• **DATA SECTION**:
########

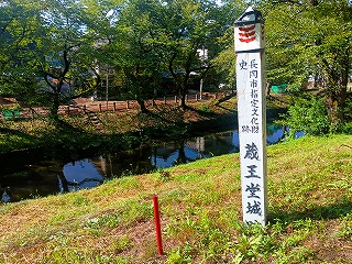 長岡への旅の目的は蔵王堂城を訪ねることだった。長岡城は遺構が皆無のため10分もあれば見尽くしてしまう。蔵王堂城も大部分が失われてしまい、残るのは主郭のごく一部だが、モノクロで紹介されていた水堀と土塁の美しさに魅せられていたのが理由である。
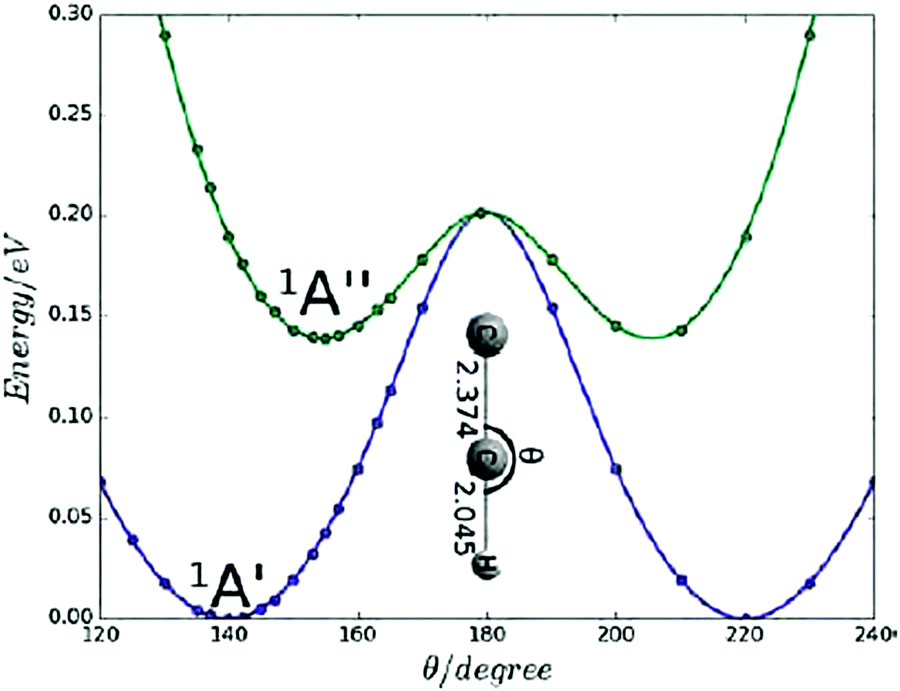 | | Fig. 1 One-dimensional cut of the 3D PES of the C2H+(11Π) state along the bending coordinate. RCC and RCH are fixed at their equilibrium values. The reference energy is the energy of the 11Π(1A') component at equilibrium. (Reproduced from DOI: 10.1039/c8fd00091c with permission from the Royal Society of Chemistry.) | |
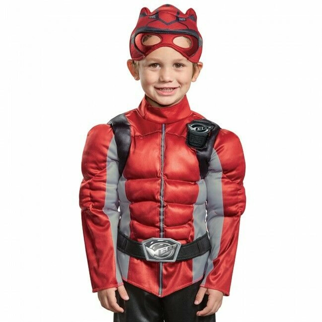 Jumpsuit with muscle torso and arms, attached belt and soft character headpiece.
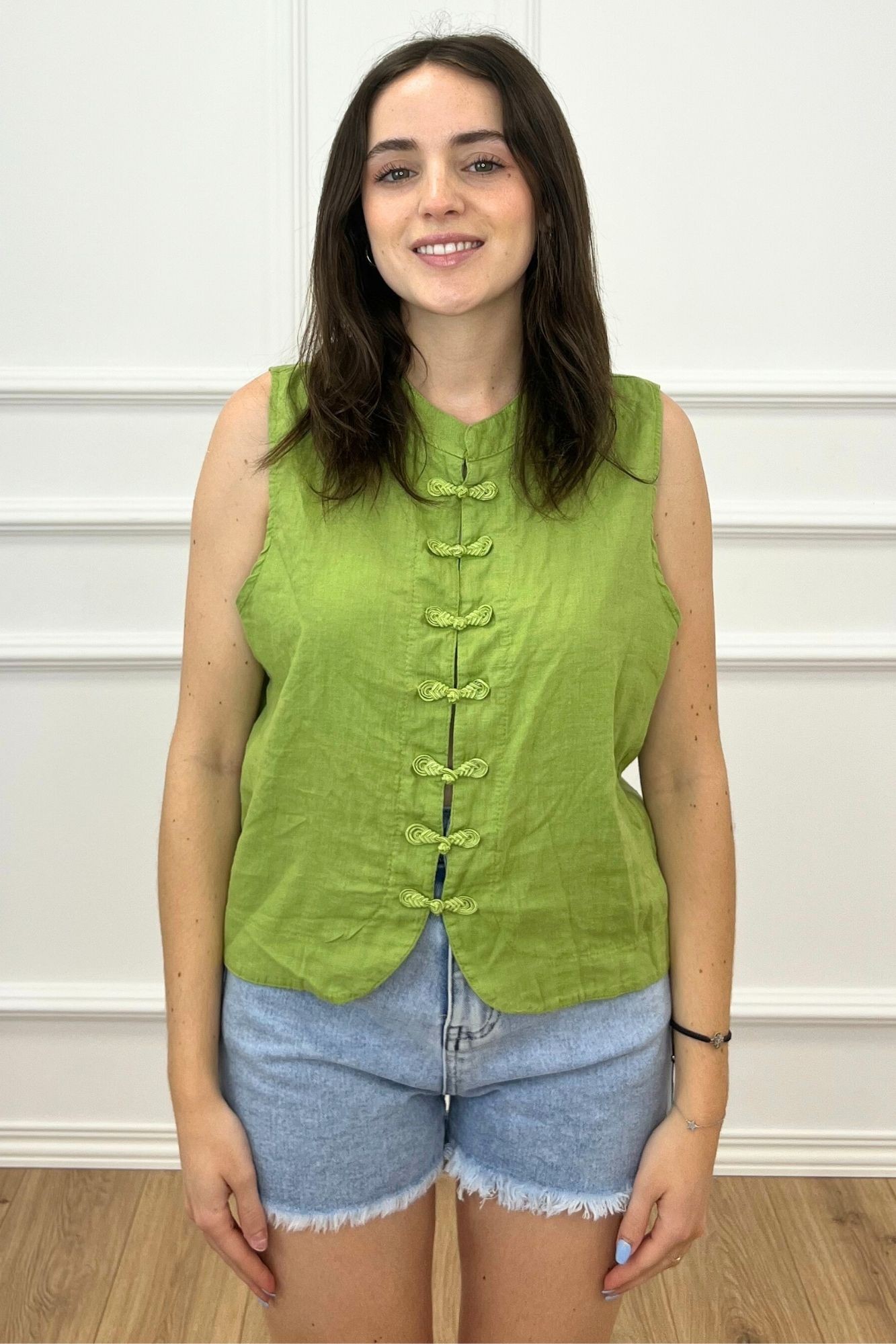 Chaleco abierto de lino con cuello japonés y manga sisa. Detalle cierre con lazada y corchete delantero

########

• **TASK REQUIREMENTS**: Print the material again, unchanged, without its pictures.

• **TASK RESULT**:
 長岡への旅の目的は蔵王堂城を訪ねることだった。長岡城は遺構が皆無のため10分もあれば見尽くしてしまう。蔵王堂城も大部分が失われてしまい、残るのは主郭のごく一部だが、モノクロで紹介されていた水堀と土塁の美しさに魅せられていたのが理由である。
 | | Fig. 1 One-dimensional cut of the 3D PES of the C2H+(11Π) state along the bending coordinate. RCC and RCH are fixed at their equilibrium values. The reference energy is the energy of the 11Π(1A') component at equilibrium. (Reproduced from DOI: 10.1039/c8fd00091c with permission from the Royal Society of Chemistry.) | |
 Jumpsuit with muscle torso and arms, attached belt and soft character headpiece.
 Chaleco abierto de lino con cuello japonés y manga sisa. Detalle cierre con lazada y corchete delantero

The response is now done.